--- Data below ---
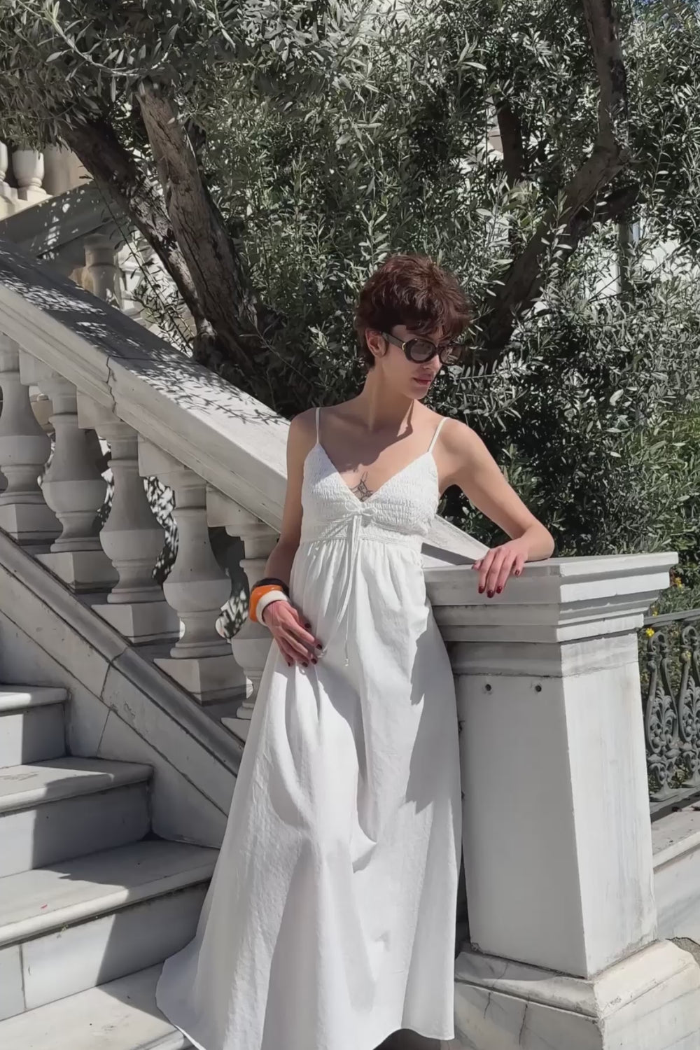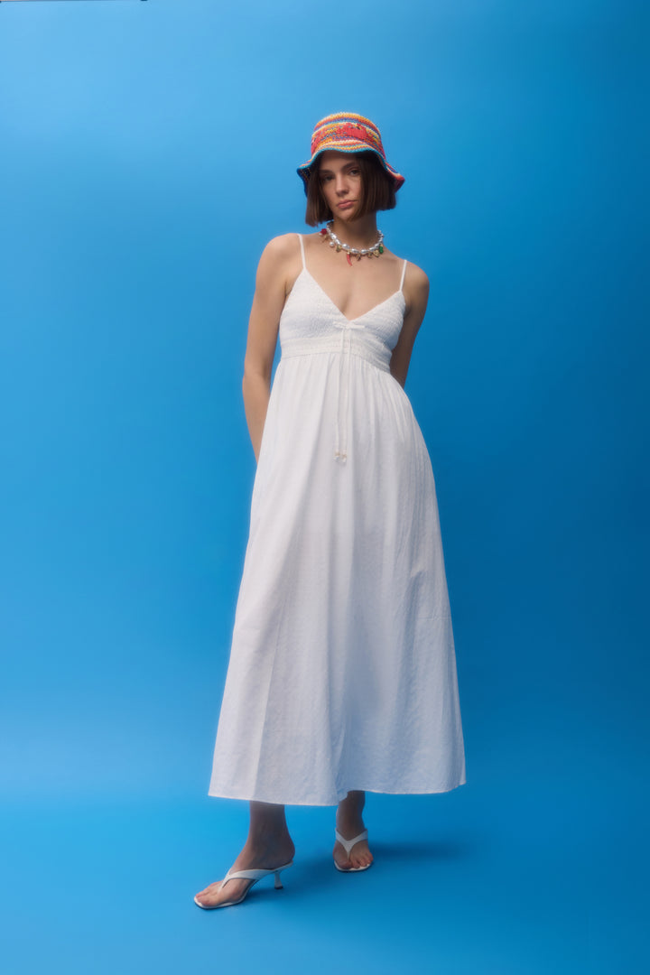 Şerit Gipe Detaylı Askılı Uzun Elbise Ekru
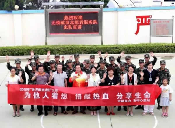 6月28日下午3点,市中心血站组织无偿献血志愿者来到武警淮安支队执勤二中队开展了以“迎七一,颂党恩——爱心奉献在军营”为主题的无偿献血宣传活动。
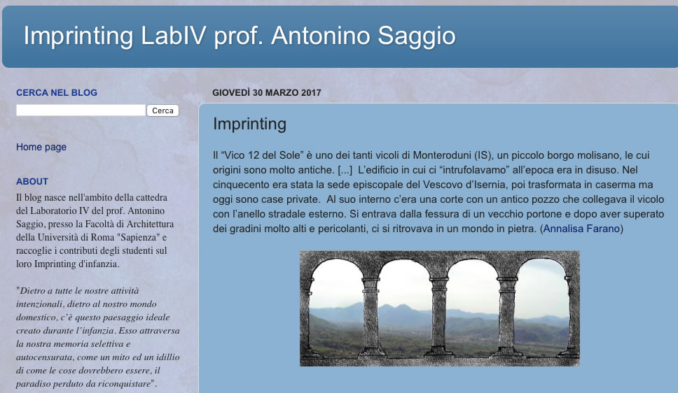 Antonino Saggio ha parlato in diverse occasioni e ha scritto del concetto di Imprintingsotto una lista di articoli. Sulla città di Roma una conferenza è "Roma interttotta" con video
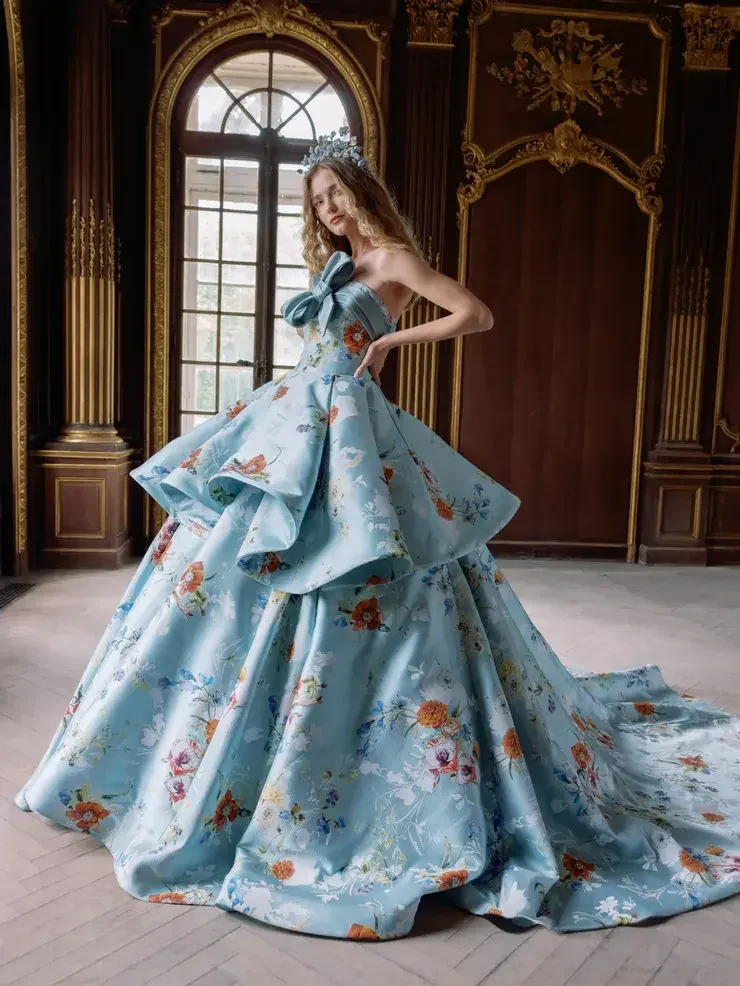 Les robes de mariée fleuries arborent des motifs, imprimés ou appliqués floraux et sont confectionnées dans des tissus comme l’organza, le taffetas ou le crêpe.

--- About this exercise ---
Word for word, restate the lines from the one containing "Antonino Saggio ha" through the end of the listing, and nothing more. Skip the pictures.

--- Answer box ---
 Antonino Saggio ha parlato in diverse occasioni e ha scritto del concetto di Imprintingsotto una lista di articoli. Sulla città di Roma una conferenza è "Roma interttotta" con video
 Les robes de mariée fleuries arborent des motifs, imprimés ou appliqués floraux et sont confectionnées dans des tissus comme l’organza, le taffetas ou le crêpe.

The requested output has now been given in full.